Thanks for the lovely pattern 
:thumbup: :thumbup: :thumbup: :thumbup: :thumbup:


----------



## In Memory of Scottybear (Sep 20, 2011)

More "work" for Bettyirene. The outfit is gorgeous.


----------



## knitting4friends (Jan 10, 2012)

thank you, once again!


----------



## lobsterlice (Oct 13, 2012)

Thank you Elaine


----------



## kippyfure (Apr 9, 2011)

Thanks, Elaine!


----------



## lori2637 (Jan 25, 2011)

Thanks Elaine.


----------



## sheree54849 (Aug 5, 2014)

Thanks Elaine. This is so beautiful and tailored looking.


----------



## Dfern (May 13, 2014)

Keeping all Barbie doll patterns. Thank you for sharing them.


----------



## TennKnitter (Jul 24, 2013)

Awesome!!! :thumbup:


----------



## itzzbarb (May 21, 2011)

Pretty outfit. I love how the dress top is fitted and the little cap sleeves.


----------



## Tgayle (May 23, 2013)

Lovely! I so appreciate you, and your talent you so generously share !thank you!


----------



## NCAknitter (Sep 28, 2013)

lovely, thanks


----------



## Jeanie L (Sep 27, 2011)

Thank you for the lovely pattern..


----------



## island stasher (Dec 23, 2012)

You make me want to buy a barbie to play with and dress up.


----------



## Tennessee (Feb 1, 2011)

Beautiful! Thank you for the pattern.


----------



## Tove (Oct 27, 2012)

Beautiful, thank you


----------



## Dianedanusia (Mar 13, 2012)

You are so kind....thank you


----------



## misellen (Mar 8, 2013)

I have never made doll clothes but I think I will have to try this.


----------



## Typsknits (Aug 6, 2011)

Gorgeous thanks for the pattern!


----------



## Ellisen (Dec 5, 2011)

Thank you, Elaine. Now that my granddaughter plays with Barbies, I appreciate your patterns.


----------



## Hannelore (Oct 26, 2011)

Thank you for another beautiful Barbie pattern.


----------



## Montana Gramma (Dec 19, 2012)

Thankyou again! Our 11 year old GD is just not playing with her Barbies or AGD much anymore, so busy with year round soccer and her school work.
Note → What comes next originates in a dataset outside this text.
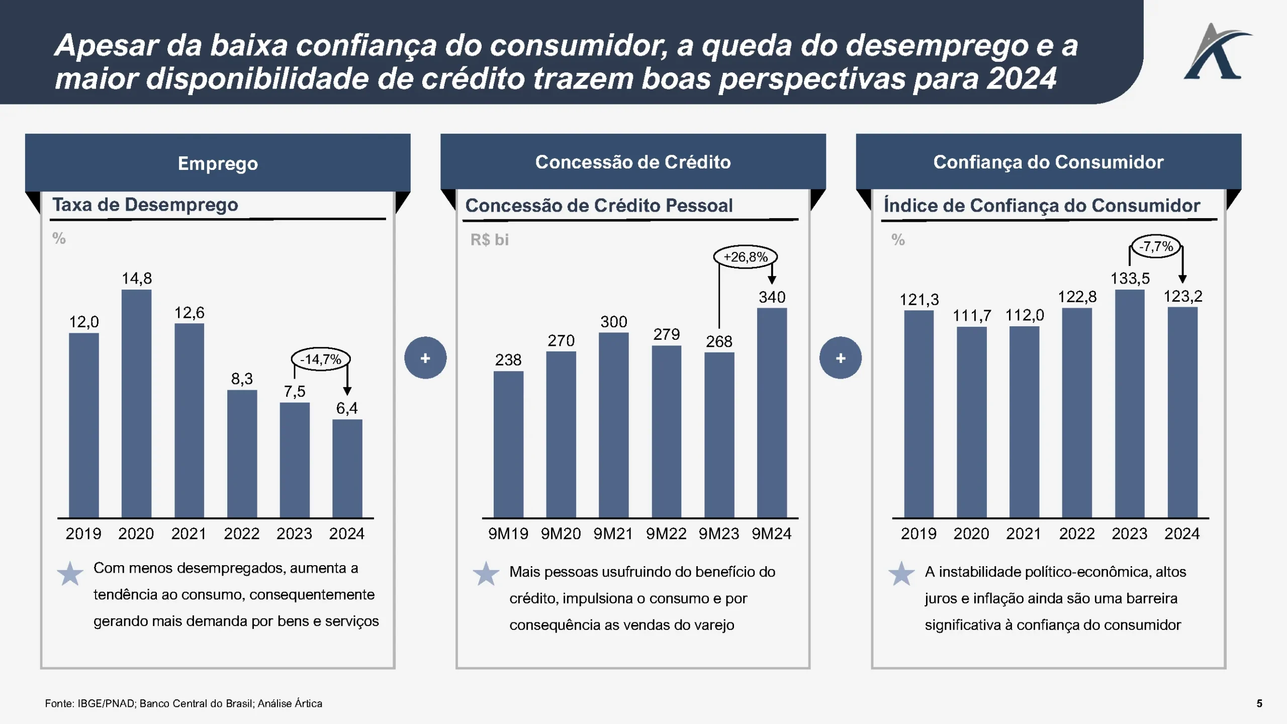 As perspectivas para 2024 são promissoras, com a redução do desemprego e o aumento na oferta de crédito, que consequentemente fortalece o consumo. Com mais pessoas empregadas e maior acesso ao crédito, há uma tendência de alta na demanda por bens e serviços, o que deve beneficiar diretamente o varejo neste fim de ano. No entanto, desafios como a inflação elevada, juros altos e instabilidade econômica, ainda impactam a confiança do consumidor.
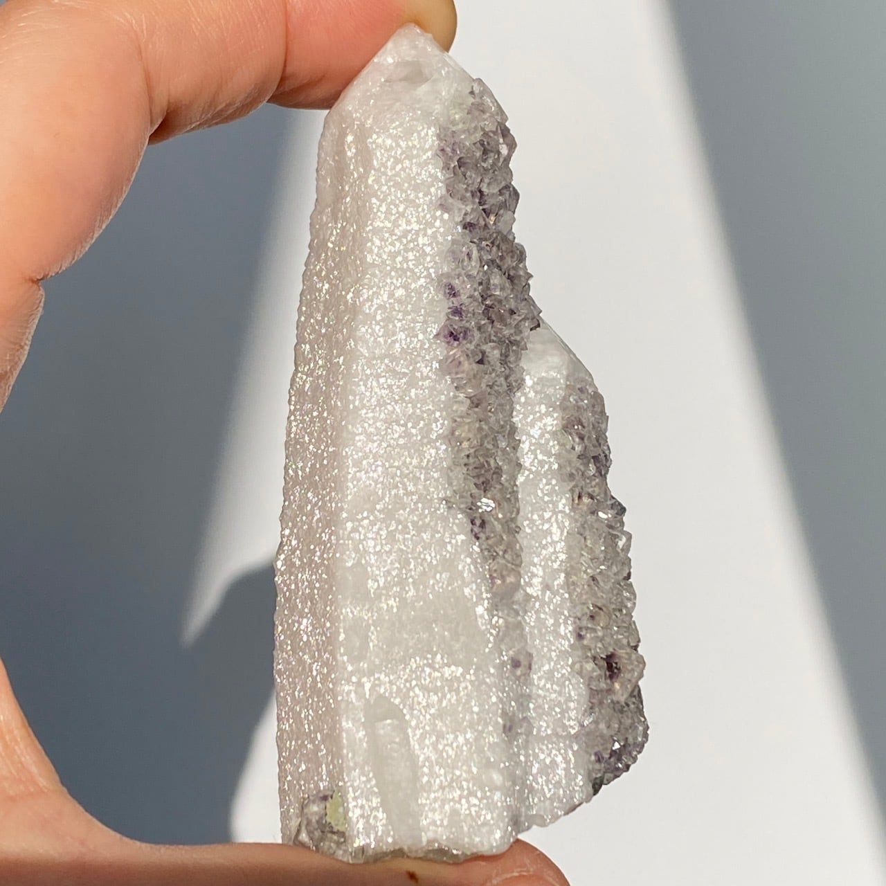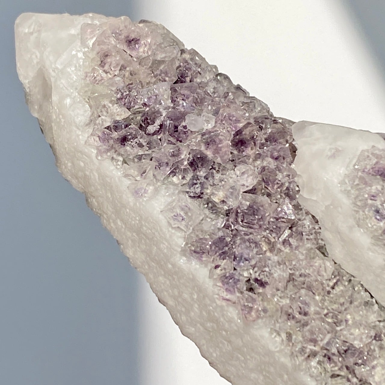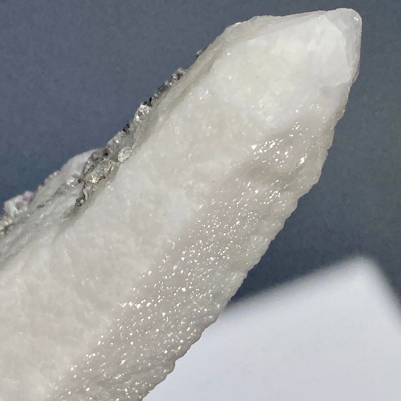 この子は大小のポイントが寄り添った形状からツインさんと名付けたのですが、正面の柱面に所狭しとフローライトが付いています。また、白いコーティング部分が角度を変えることにより美しい光沢を放ちます。そして、最終画像の通り、クォーツとコーティングの断面図をご覧いただけます。

But the 6 year old GD is just getting into the swing of things! I would make some even if they didn't cause I just love your patterns!


----------



## Pennypincher (May 7, 2011)

Thank you, Elaine for another cute pattern. I still think that is all you do is design patterns for Barbie and the AG dolls. lol


----------



## cabbagehome (Dec 23, 2011)

rujam said:


> Thanks for the lovely pattern
> :thumbup: :thumbup: :thumbup: :thumbup: :thumbup:


 :thumbup: :thumbup: :thumbup:


----------



## Crafty Linda (Nov 15, 2014)

Thank you Elaine for another wonderful pattern, have just got the wool ready, making them for Cancer Uk shop to sell at Xmas. Linda


----------



## yona (Feb 7, 2011)

Beautiful, thank you.


----------



## Daeanarah (May 7, 2012)

Sorry about delay here it is in PDF.

Happy Crafting


----------



## Montana Gramma (Dec 19, 2012)

Daeanarah said:


> Sorry about delay here it is in PDF.
> 
> Happy Crafting


Thankyou so much for doing that!


----------



## Pennypincher (May 7, 2011)

Daeanarah said:


> Sorry about delay here it is in PDF.
> 
> Happy Crafting


I, too, want to thank you for the PDF of this pattern and all the others you have done for all of us and all you may do in the future.


----------



## Crafty Linda (Nov 15, 2014)

Pennypincher said:


> I, too, want to thank you for the PDF of this pattern and all the others you have done for all of us and all you may do in the future.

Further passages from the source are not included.